- Date: August 02, 2016
- Author: Jill Schwartz
Just as I am dozing off in the back seat, my body starts flopping to the beat of the bumpy road beneath me. I look up and see that our driver has turned off of the asphalt two-lane road and onto a dirt path that’s barely as wide as our car. A sparse amount of dry, low-lying vegetation breaks up the landscape to the left, right and ahead. But, otherwise, the area is barren and lifeless.
I’m not sure why we are here, until I hear Herminio Mulungo, the front seat passenger, say, “Wow.” It is the first thing that day I have not needed him to translate from his native Portuguese to English.
Then “wow” again. And “wow” again. And again.
I follow Mulungo, the WWF-Mozambique water specialist, as he gets out of the car and walks to a rusty metal row boat perched atop the dry land.
“Three months ago, we would’ve been standing in the water here,” he tells me before pointing to a faint image of water in the distance. “That’s the reservoir out there. Three months ago, the reservoir came all the way up to where we are standing. We would’ve been more than knee deep in water here.”
This is the first dramatic sign I see of one of the worst droughts ever in southern Mozambique.
It is followed later, 20 minutes up the road, by a woman using a plastic jug to water her small farm plot, one plant at a time. Then a man standing in a nearly dried up river, trying his best to fill up pales of water, presumably for his family to use for cooking and drinking. Then a dam operator showing me the water line at the dam, nearly 30 feet below what it should be, and telling me this was the second lowest he had seen the dam—and the river that feeds it—since he started working there about 25 years ago.
Coincidentally, just one hour away, nearly 50 government officials from Mozambique were packed into a small conference room and deep into their fourth day of discussions about how to identify and understand the benefits of rivers—and other natural resources—to people and wildlife. And there are many benefits. Forests soak up rain and store it underground, then release it during the dry season so reservoirs do not dry up. Forests also soak up carbon—one of the best ways to fight climate change. Along the coast, mangroves act as a physical barrier between land and shore, helping to protect people from storms, and provide habitat to important freshwater species.
These leaders will play an important role in bringing to life the country’s Natural Capital Program, which is one of only several national level programs of its kind in the world.

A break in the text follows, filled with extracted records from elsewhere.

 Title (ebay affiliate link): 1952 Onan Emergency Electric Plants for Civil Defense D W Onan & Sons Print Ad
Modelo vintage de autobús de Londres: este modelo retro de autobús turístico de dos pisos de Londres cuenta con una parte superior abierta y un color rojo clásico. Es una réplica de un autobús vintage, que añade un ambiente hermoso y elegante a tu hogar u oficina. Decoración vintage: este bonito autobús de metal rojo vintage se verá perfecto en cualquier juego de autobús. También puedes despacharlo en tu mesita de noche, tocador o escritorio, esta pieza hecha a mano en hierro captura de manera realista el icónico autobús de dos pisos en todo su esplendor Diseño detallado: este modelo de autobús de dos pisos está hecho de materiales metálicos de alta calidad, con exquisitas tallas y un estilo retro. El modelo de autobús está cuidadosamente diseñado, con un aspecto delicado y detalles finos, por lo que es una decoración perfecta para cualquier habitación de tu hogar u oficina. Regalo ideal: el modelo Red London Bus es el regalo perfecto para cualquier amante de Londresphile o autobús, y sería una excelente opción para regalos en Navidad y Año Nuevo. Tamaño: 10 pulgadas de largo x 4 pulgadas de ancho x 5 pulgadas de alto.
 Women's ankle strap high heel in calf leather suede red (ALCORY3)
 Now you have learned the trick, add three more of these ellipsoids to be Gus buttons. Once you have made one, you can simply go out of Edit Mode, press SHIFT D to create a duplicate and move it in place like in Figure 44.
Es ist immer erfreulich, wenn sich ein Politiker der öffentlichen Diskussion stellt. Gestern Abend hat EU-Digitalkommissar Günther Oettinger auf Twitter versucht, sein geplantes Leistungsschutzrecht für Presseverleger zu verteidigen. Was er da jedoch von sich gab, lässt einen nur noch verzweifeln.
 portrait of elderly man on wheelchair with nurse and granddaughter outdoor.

The program was created in 2015, after the country adopted a new five-year plan that includes five priorities—one which is the sustainable management of natural resources and the environment.
Participants of the weeklong workshop, which was hosted by WWF and the Natural Capital Project, learned how to map out Mozambique’s natural resources, why the resources are important, how to build them into decisions about infrastructure and development, and more.

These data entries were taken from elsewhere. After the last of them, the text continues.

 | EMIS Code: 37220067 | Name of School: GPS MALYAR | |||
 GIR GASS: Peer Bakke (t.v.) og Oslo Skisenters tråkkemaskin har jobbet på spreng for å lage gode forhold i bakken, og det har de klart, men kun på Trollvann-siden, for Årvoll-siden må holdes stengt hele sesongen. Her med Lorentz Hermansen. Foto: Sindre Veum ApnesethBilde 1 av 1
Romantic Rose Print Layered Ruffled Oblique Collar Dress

The previous week, WWF and Natural Capital Project staff led a workshop on how to use a tool called InVEST to, among other things, model coastal vulnerability and seasonal water yield, all as part of an effort to prevent droughts, ensure drinking water is clean, minimize storm damage, and more. The workshop was for the team of students from Eduardo Mondlane University who will be responsible for gathering and assessing data that will be used to create natural capital plans in Mozambique.
“During those two weeks, a solid foundation for starting the country’s natural capital assessment was created,” said Nasser Olwero, director of Information Science at WWF’s Science and Innovation Program and one of the workshop leaders. “Mozambique is poised to be a leader in making informed decisions about how it grows.”
For Mulungo, this will hopefully mean seeing a full reservoir again and enjoying all the benefits nature provides in Mozambique.